* [Collected material]
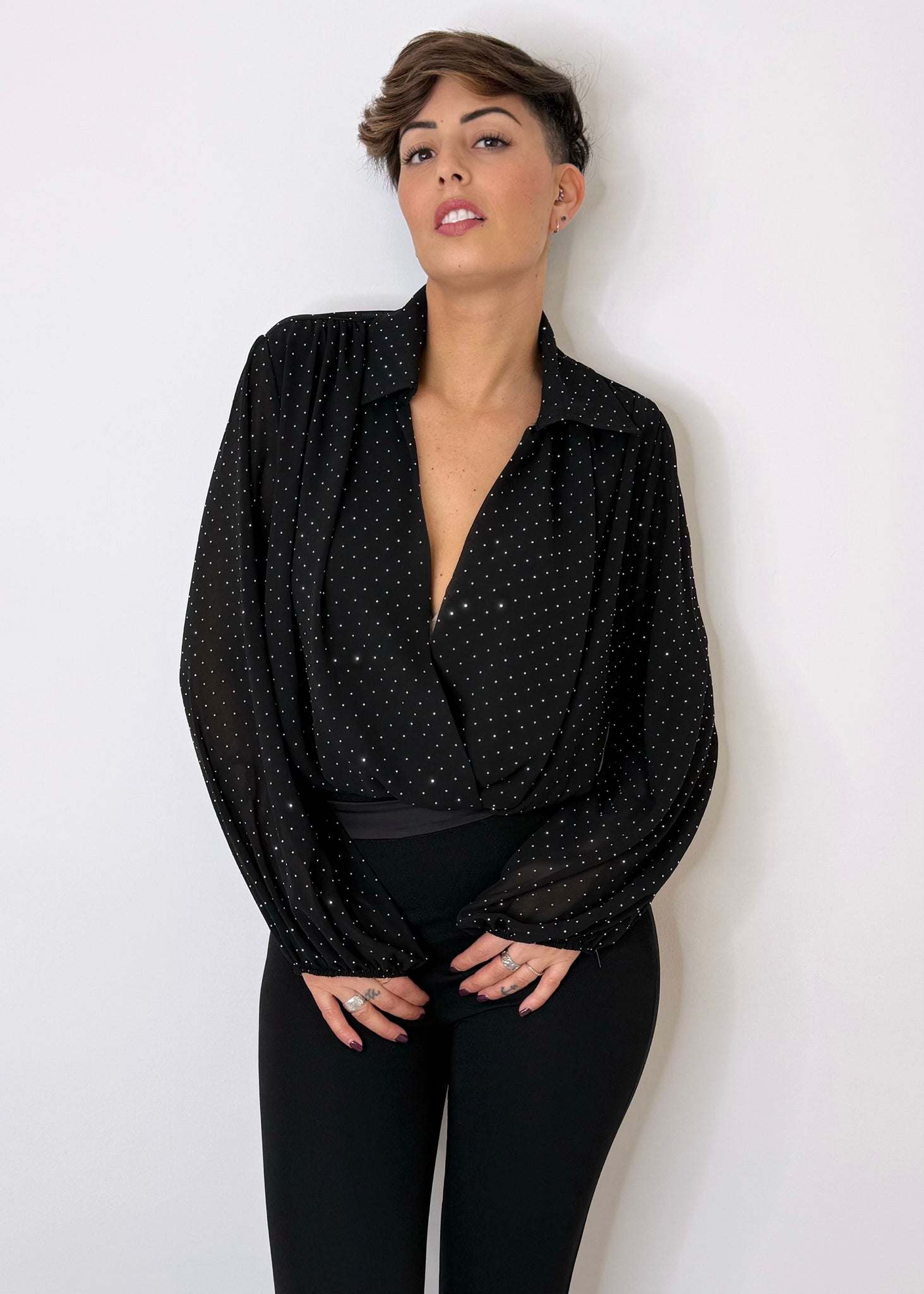 Body stile camicia con scollo a V e colletto elegante e luminoso, realizzato in tessuto completamente brillantato che dona un tocco glamour a ogni outfit. Lo scollo a V valorizza la silhouette, mentre il colletto aggiunge un dettaglio chic.
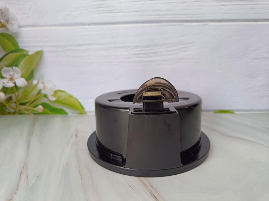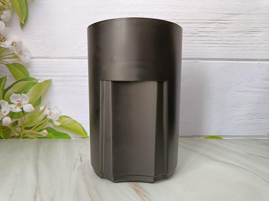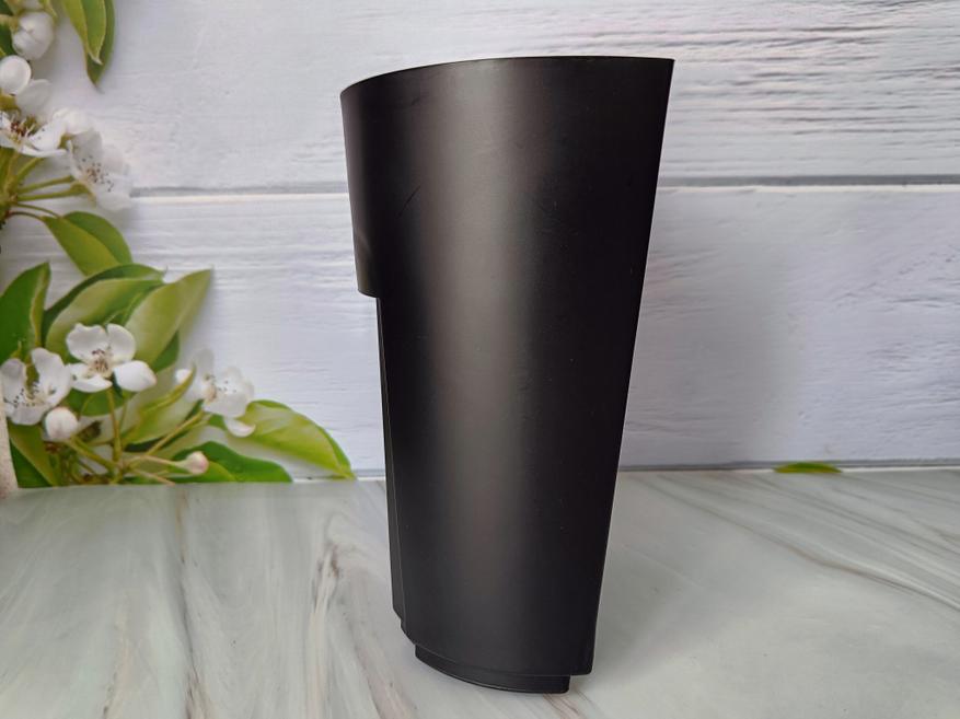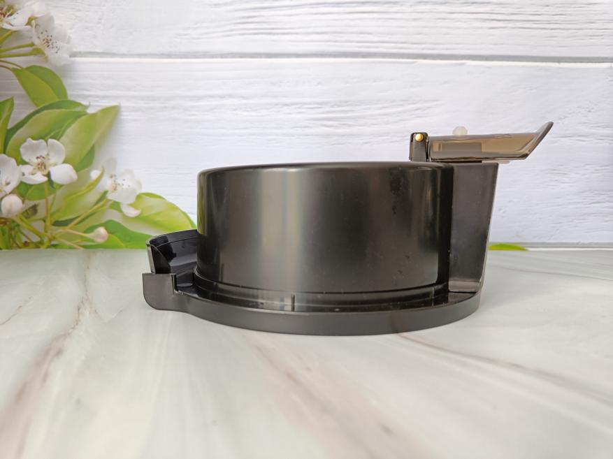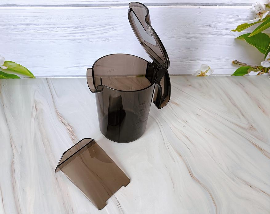 Контейнер для жмыха из черного пластика, повторяет форму корпуса соковыжималки, чтобы органично вписываться в общий стиль прибора.
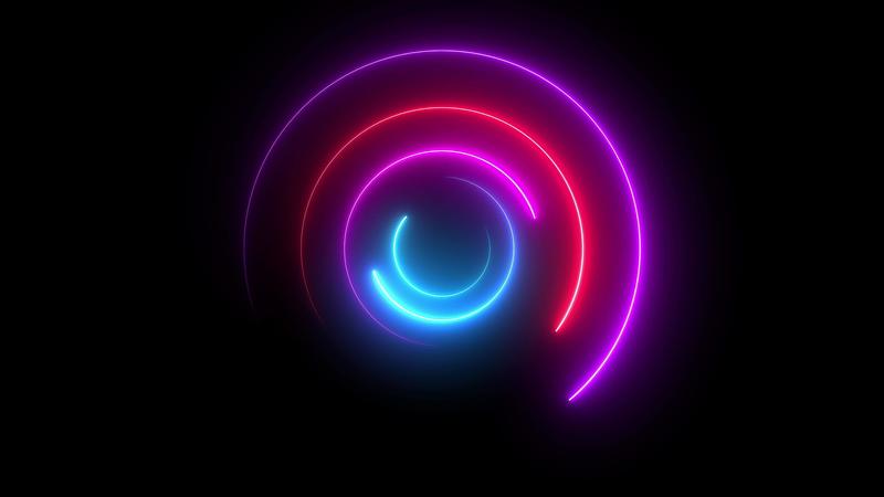 animação de néon de loop brilhante. girar o elemento abstrato de rotação geométrica. anel de laser de movimento dinâmico de feixe de luz, movimento de eclipse redondo equilíbrio de energia espaço gráfico efeito de partícula de forma azul e roxa Vídeo Grátis

* [Task] Word for word, write out the whole listing, keeping none of the pictures.

* [Result for this exercise]
 Body stile camicia con scollo a V e colletto elegante e luminoso, realizzato in tessuto completamente brillantato che dona un tocco glamour a ogni outfit. Lo scollo a V valorizza la silhouette, mentre il colletto aggiunge un dettaglio chic.
 Контейнер для жмыха из черного пластика, повторяет форму корпуса соковыжималки, чтобы органично вписываться в общий стиль прибора.
 animação de néon de loop brilhante. girar o elemento abstrato de rotação geométrica. anel de laser de movimento dinâmico de feixe de luz, movimento de eclipse redondo equilíbrio de energia espaço gráfico efeito de partícula de forma azul e roxa Vídeo Grátis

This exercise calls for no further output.